Abstract
We investigate the exact-WKB analysis for quantum mechanics in a periodic potential, with N minima on S1. We describe the Stokes graphs of a general potential problem as a network of Airy-type or degenerate Weber-type building blocks, and provide a dictionary between the two. The two formulations are equivalent, but with their own pros and cons. Exact-WKB produces the quantization condition consistent with the known conjectures and mixed anomaly. The quantization condition for the case of N-minima on the circle factorizes over the Hilbert sub-spaces labeled by discrete theta angle (or Bloch momenta), and is consistent with ’t Hooft anomaly for even N and global inconsistency for odd N. By using Delabaere-Dillinger-Pham formula, we prove that the resurgent structure is closed in these Hilbert subspaces, built on discrete theta vacua, and by a transformation, this implies that fixed topological sectors (columns of resurgence triangle) are also closed under resurgence.
Highlights
Point at infinity corresponds to the change of the “topology” of the Stoke curves in the exact-WKB analysis
By using Delabaere-Dillinger-Pham formula, we prove that the resurgent structure is closed in these Hilbert subspaces, built on discrete theta vacua, and by a transformation, this implies that fixed topological sectors are closed under resurgence
We have investigated quantum mechanical systems of a particle on S1 in the presence of a periodic potential with N -minima (N = 1, 2 . . .) by the exact-WKB method
Summary
There are few quantum mechanical systems whose local dynamics are identical, but global structure and Hilbert space structures are different These can be related to each other in.
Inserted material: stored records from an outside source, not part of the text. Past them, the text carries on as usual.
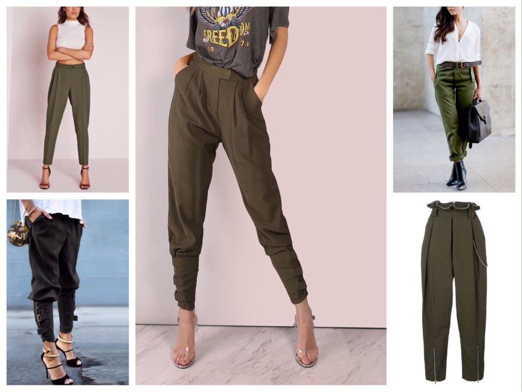 Галифе с характерным оттенком милитари удачно сочетаются с высокой посадкой. Сделать изделие более женственным призваны складки, драпировка, присобранные боковые швы. Дизайнеры не устают удивлять модниц и предлагают даже галифе с запахом и узким нижним краем.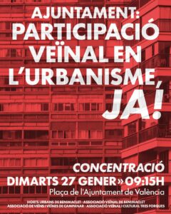 Las Asociaciones Vecinales de Campanar y Benimaclet nos concentraremos, junto con entidades sociales y culturales de sus respectivos barrios, en la Plaza del Ayuntamiento el martes 27 de enero, coincidiendo con el Pleno Municipal.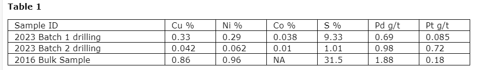 The program and independent review of batch 1 and 2016 bulk sample, medium- to high-sulphide-type mineralized materials encompassed gravity, flotation and magnetic separation test work. Bench tests successfully produced saleable up to 30 per cent Cu and between 37 and 62 grams per tonne platinum group metals concentrates with 80-per-cent Cu recovery. An independent review of the mineralogy of the deposit estimates the pyrrhotite (iron sulphide) to pentlandite (Ni sulphide) ratio is in the range of 35:1 in the massive and semi-massive sulphide zones of the deposit, with the Ni deportment to pentlandite to be about 71 per cent envisioning the creation of a potentially payable 10 per cent Ni-bearing concentrate with 51-per-cent Ni recovery.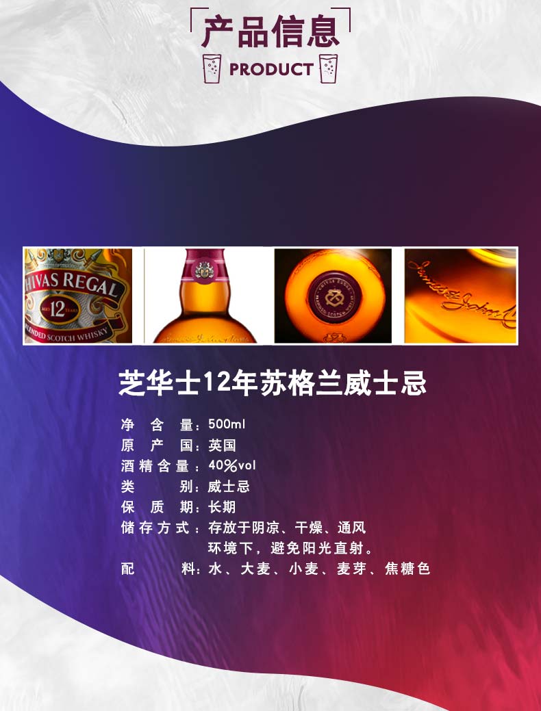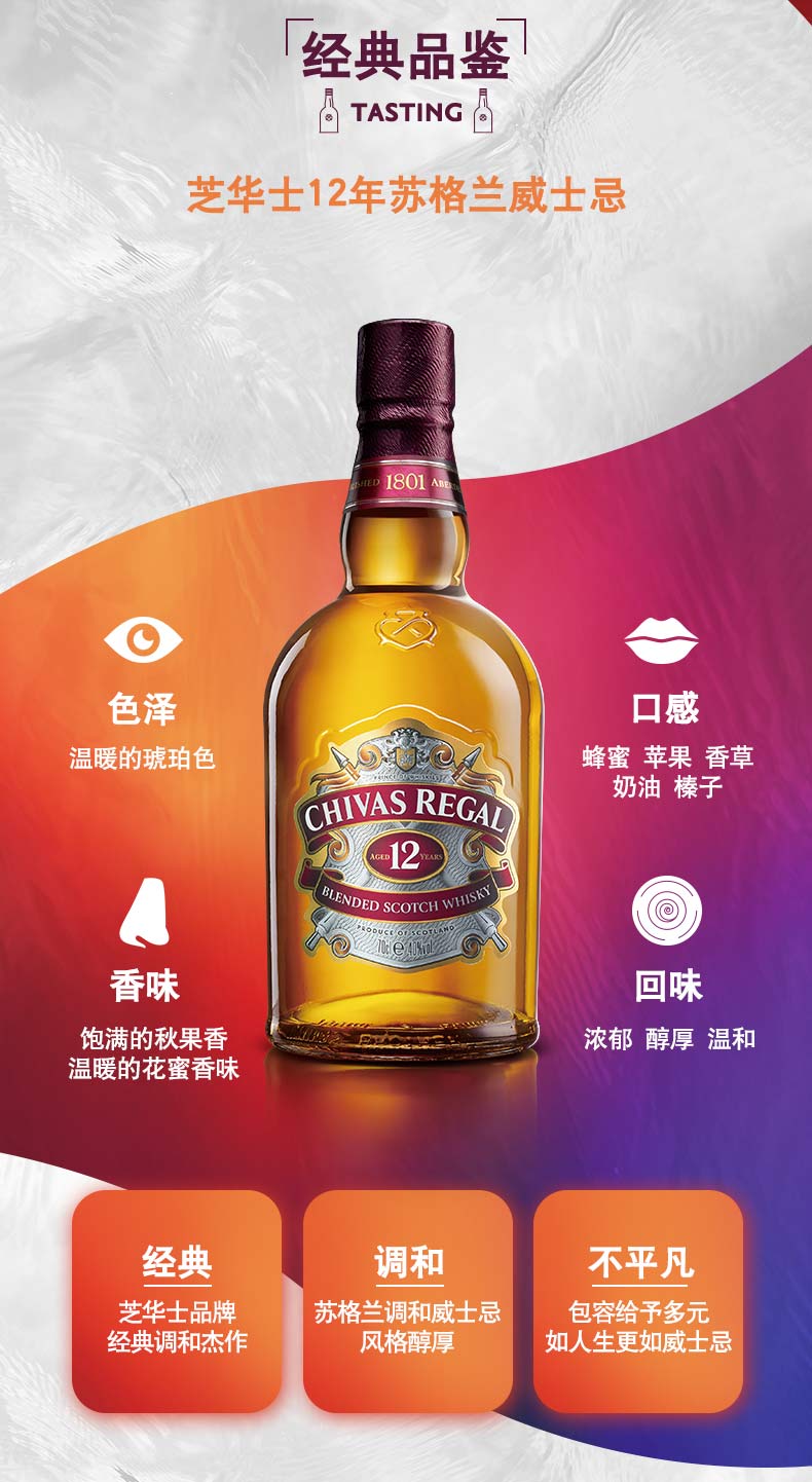作为英国人的国酒,威士忌随着日不落帝国走向世界,而芝华士12年以的特佳酒质,成为举世公认衡量优质苏格兰威士忌的标准。醇和,浓郁的苹果和带有甜味的花香,伴随温和的干果味。口感醇厚、丰满、柔和,无论在世界何时何地,都是人们欢聚分享,举杯共饮时必不可少的一部分。

X ∼ x + 2πN are physically identified and there are N perturbative minima of the potential in the fundamental domain x ∈ S1 This system has a genuine global ZN translation symmetry. One can add a continuous theta angle to this system as well We use this system in exact WKB analysis to probe mixed anomalies. In the exact WKB analysis, we first use the second setup to derive quantization condition for a particular theta angle, and build Hilbert space on top of a certain theta vacuum |θ , Hθ.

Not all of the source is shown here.